CB – Quero voltar todos os dias, mas só quero voltar numa posição de força. A sensação de libertação do 11 de julho é algo que nunca pode tirar de você. Cuba nunca mais foi a mesma.
P – Como a sra. vê os próximos passos? A ditadura segue em pé.
CB – O mito da revolução caiu no 11 de julho, o regime não tem mais apoio popular. Por outro lado, o poder repressor é real, está aí. Mas eu acredito que são os estertores de um animal ferido. Este ano tivemos, segundo o Observatório Cubano de Direitos Humanos, mais protestos este ano do que no passado, só que eles são menores.
P – É preciso de um grupo para suceder outro no poder. Há alternativa?
CB – Essa pergunta é fundamental, e acho que a resposta não é a esperada. À diferença de Nicarágua e Venezuela, em Cuba não há partidos de oposição, apenas o Comunista, e qualquer forma de associação é perseguida. Isso parece uma desvantagem, mas eu acredito que é uma vantagem.
Isso porque o movimento de protestos foi uma autoconsciência dos direitos civis. Os partidos devem nascer dessas necessidades. As associações estão amadurecendo para o processo de transição democrática. Temos centros, grupos locais, movimentos como o 27N, grupos LGBTQI+, associações antimachistas e feministas, que lidam com um problema grande em Cuba.

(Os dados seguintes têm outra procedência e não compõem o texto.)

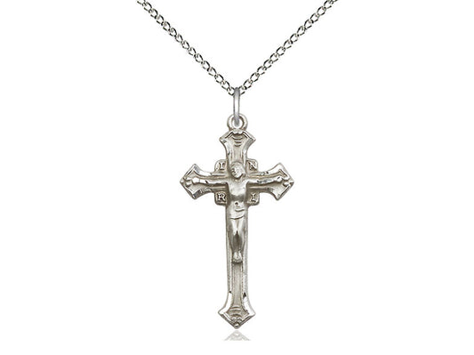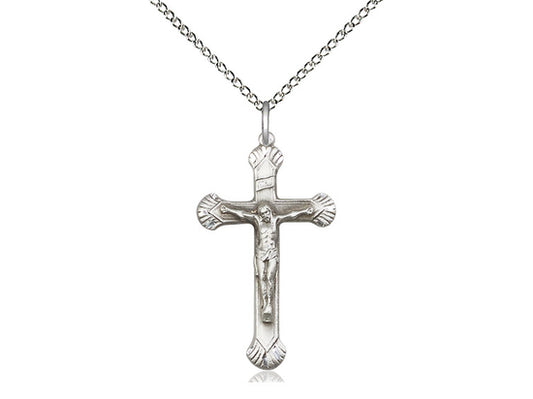 Colgante de crucifijo de plata esterlina en una cadena de acera de luz de plata esterlina de 18 pulgadas

O autoritarismo cubano é elitista, classista, machista, racista, é quase fascista. Se foi socialista, esqueceu há muito tempo. Assim, não é um terreno baldio.
P – O que a sra. diz é que a oposição cubana não está só em Miami. E eles?
CB – Todos são cubanos. Tenham a ideologia que tenham, têm direito a pensar a nação. Se não for assim, vamos repetir os mesmos erros do castrismo, não seria democracia. Claro, o exílio inicial de Miami tinham uma ideologia muito conservadora, muitos hoje são próximos de Trump, e têm direito a fazê-lo. Muitas vezes, são vistos como a única oposição cubana, e isso é algo que o regime incentivou.
São uma parte importante, mas não são os líderes.
Eu diria que ninguém lidera a oposição, por sorte. Acho melhor que não haja um “quem” nesse processo, que perpetua a lógica de um líder que substitui outro, assim podemos nos concentrar no “como”.
P – E haveria lugar para integrantes do poder hoje nessa transição?
CB – Claro, há lugar para todos. Cuba precisa se dirigir a um processo de reconciliação. Precisamos aprender com casos similares. O que não quer dizer que não houve crimes, é preciso uma Comissão da Verdade imparcial. É preciso algo na medida, sem ódio. Nem justiçamento, nem impunidade.
P – A sra. vai entrar na política?
CB – Sou ativista cultural e política, mas acredito que a casta política é parte do mal.